For retailers, the process of getting Amazon products from suppliers in China to the Amazon fulfillment center is increasingly being handled by Amazon. And once cargo arrives in the US, using Amazon Global Logistics of course, shippers can now book a truck using Amazon Freight. At every step, the seller is getting more affordable prices thanks to Amazon’s vast volumes and the leverage they provide in negotiations with transportation providers, or better access, while customers are getting more products, faster.

Amazon is doing everything right. They are brilliantly leveraging their near-monopoly of e-commerce buyers to create a monopoly for e-commerce sellers, and now to become a dominant provider of logistics from storage to ships, planes, and trucks.

But this market dominance, along with the tendency for that dominance to creep outward into other sectors, and the challenges this poses for any competition, create a force that should be addressed.

As both a consumer and the leader of a freight marketplace provider, I welcome Amazon. I have a Prime subscription, and a good 20 percent or more of companies buying freight services via Freightos.com are Amazon sellers. But even as a company and individual that benefits, I firmly believe that regulation of Amazon is critical to ensure fair competition in the logistics space.

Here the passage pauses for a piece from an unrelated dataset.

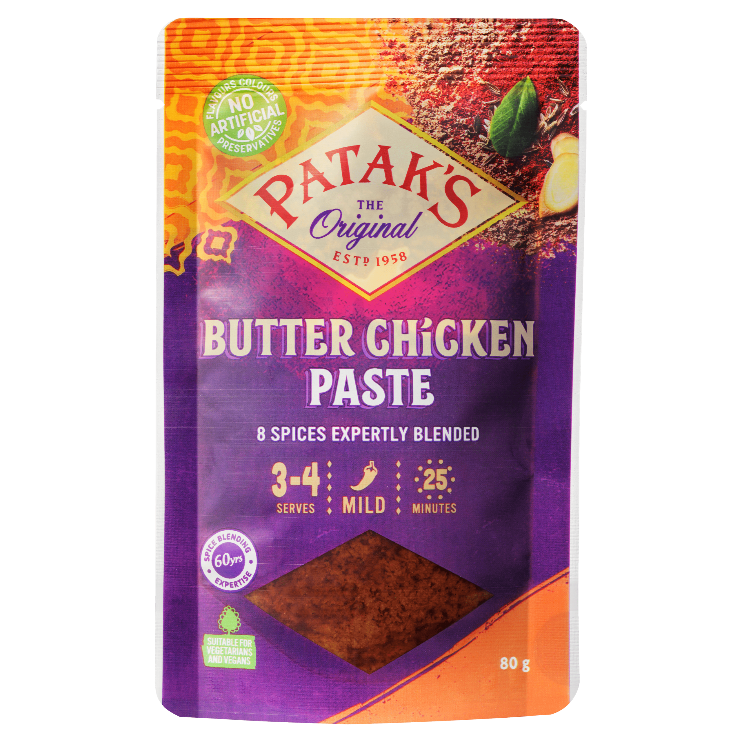 Geniet van de authentieke smaken van India met Patak’s Butter Chicken kruidenpasta. Deze vegan en vegetarische currypaste is perfect voor het creรซren van een rijke en romige saus in een handomdraai. Voeg eenvoudig wat kip of groenten toe voor een smaakvolle maaltijd, klaar in slechts 20 minuten!

Zvi Schreiber is the founder and chief executive officer of Freightos, a freight marketplace and rate management software provider. Contact him at zvi@freightos.com.

Comments

Excellent article. Feels like Amazon learning from China. China was ignored for a long time as they played unfairly, pennetrated the global economy & now their tentacles are everywhere.

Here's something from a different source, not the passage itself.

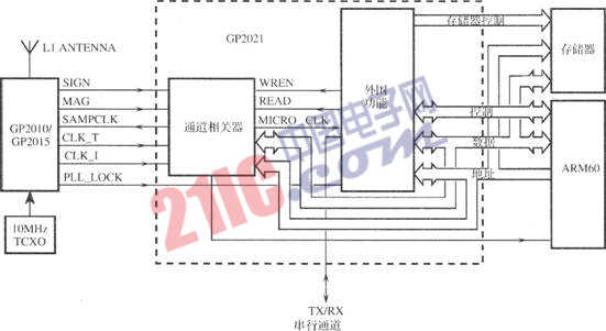 GP2021是一個(gè)12信道的C/A碼基帶相關(guān)器,在NAVSTAR GPS衛(wèi)星導(dǎo)航接收機(jī)中應(yīng)用。可以與GP2015和GP2010 C/A碼射頻下變頻器組合使用。GP2021可以與大多數(shù)的16 bit和32 bit微處理器組合使用,尤其適合Motorola和Intel的微處理器。另外,片上支持ARM60 32 bit RISC微處理器。當(dāng)使用ARM60 32 bit RISC微處理器時(shí),片上的存儲(chǔ)器支持所有的GPS接收機(jī)功能。在不需要12個(gè)通道工作時(shí),GP2021允許12個(gè)通道中的任一個(gè)不工作,以降低功耗和減少微處理器的負(fù)載。在備用電池模式,GP2021允許所有的功能不使能,僅32.768kHz振蕩器和實(shí)時(shí)時(shí)鐘(Real Time Clock,RTC)維持工作。GP2021具有12個(gè)獨(dú)立的相關(guān)器信道,雙UART和RTC,電源電壓5V,功耗小于150mW,備用電池電壓2.2V。采用80L MQFP封裝,封裝尺寸14mm×14mm×2.0mm,適合GPS導(dǎo)航接收機(jī)、GPS測(cè)量接收機(jī)、GPS時(shí)間傳遞接收機(jī)等應(yīng)用。 典型GPS接收機(jī)電路如圖所示,電路由GP2010或者GP2015射頻前端、GP2021相關(guān)器和ARM60 32 bit RISC微處理器組成。因?yàn)樗械男l(wèi)星使用相同的頻率,即Ll(1575.42MHz),因此可以使用一個(gè)射頻前端。為了達(dá)到更好的天空覆蓋效果,它可以使用不止一個(gè)的天線,因此需要使用各自的射頻前端。在射頻部分,GP2010或者GP2015射頻前端為數(shù)字基帶處理完成L1信號(hào)的下變頻。獲得的信號(hào)在GP2021中與內(nèi)部產(chǎn)生的衛(wèi)星代碼相關(guān)。每一個(gè)通道有自己?jiǎn)为?dú)的代碼,可以同時(shí)對(duì)12個(gè)不同衛(wèi)星信號(hào)進(jìn)行截獲和跟蹤。相關(guān)的結(jié)果形成累積數(shù)據(jù)傳輸?shù)轿⑻幚砥鬟M(jìn)行處理,得到導(dǎo)航信息。

Amazon is forcing us to better differentiate ourselves in the market place. This is a good thing for everyone. If you want to be the best, you need to play against the best:)

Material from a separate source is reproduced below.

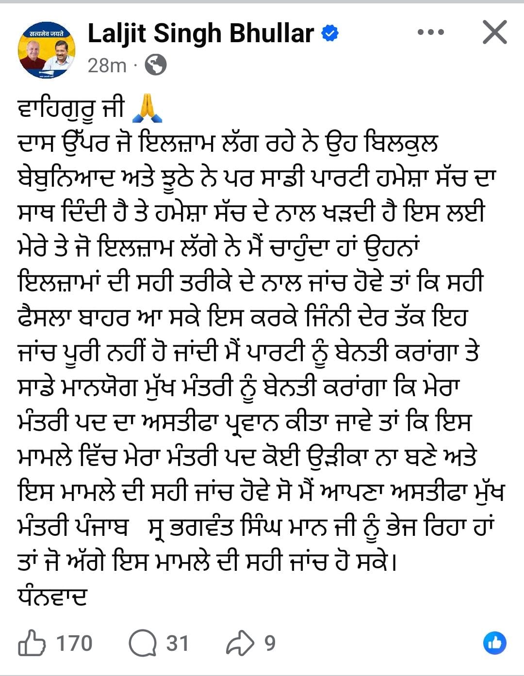 ਉਨ੍ਹਾਂ ਕਿਹਾ ਕਿ ਉਨ੍ਹਾਂ ਦੀ ਪਾਰਟੀ ਹਮੇਸ਼ਾ ਸੱਚ ਨਾਲ ਖੜ੍ਹਦੀ ਹੈ ਤੇ ਸੱਚ ਦਾ ਹੀ ਸਾਥ ਦਿੰਦੀ ਹੈ। ਉਨ੍ਹਾਂ ਕਿਹਾ  ਕਿ ਮੇਰੇ ਉਤੇ ਲੱਗੇ ਸਾਰੇ ਦੋਸ਼ਾਂ ਦੀ ਸਹੀ ਤਰੀਕੇ ਨਾਲ ਜਾਂਚ ਹੋਣੀ ਚਾਹੀਦੀ ਹੈ। ਭੁੱਲਰ ਨੇ ਕਿਹਾ ਕਿ ਮੈਂ ਇਹ ਅਸਤੀਫਾ ਤਾਂ ਦੇਣ ਜਾ ਰਿਹਾ ਹਾਂ ਕਿ ਮੇਰੇ ਉਤੇ ਲੱਗੇ ਦੋਸ਼ਾਂ ਦੀ ਜਾਂਚ ਕਰਨ ਵੇਲੇ ਮੇਰਾ ਮੰਤਰੀ ਅਹੁਦਾ ਵਿਚ ਰੁਕਾਵਟ ਨਾ ਬਣੇ।

Once you accept that Amazon is Standard Oil in the 21st Century, it becomes a lot easier to see why they've made moves the last few years that initially seemed crazy.

Zvi, you haven't explained or articulate your concept of fairness. So when you declare that it's "unfair" for Amazon to do business in a new sector, or that it has an "unfair" advantage, it's not clear what you mean. You haven't presented an argument here, just some declarations of unfairness. Any regulation of a successful company will only serve to prop up the competitors who lobbied for the regulation and increase the price of goods. I consider that unfair. I wouldn't want to do anything, policy-wise, that would increase the price people have to pay for goods and services. Amazon has done an incredible job of lowering the prices of a lot of the things we routinely buy, and has made a vast selection of goods and services available to people wherever they live. I grew up in small-town Arizona, and we had very little access to goods and services because there were hardly any stores in town. It's incredible what we can order from Amazon these days.

Jose, I think part of it is that Amazon is replacing Wal-Mart in the minds of people who viewed Wal-Mart's rise in the 90s and 00s as the death of small business in America, particularly the home town mom-and-pop outlets. Whether that's true or not is sort of beside the point here, but there are parallels. Wal-Mart developed a network and scale never seen before and could rally so much buying power that it could still make money offering the prices it did, which no one else could. Amazon is similarly developing a network on a scale never seen before and in ways only theoretically possible before because no corporation had the will to invest in it (or need, as it were... e.g. an in-house cargo airline). A concern with Amazon, I think, is that they present a significant competitive risk. Whether their intent is to be a monopoly is, likewise, beside the point. At some point, even without knowing the absolute intention of an organization, there has to be a serious discussion of the risk Amazon presents in terms of integration (which they are very obviously doing) and monopoly.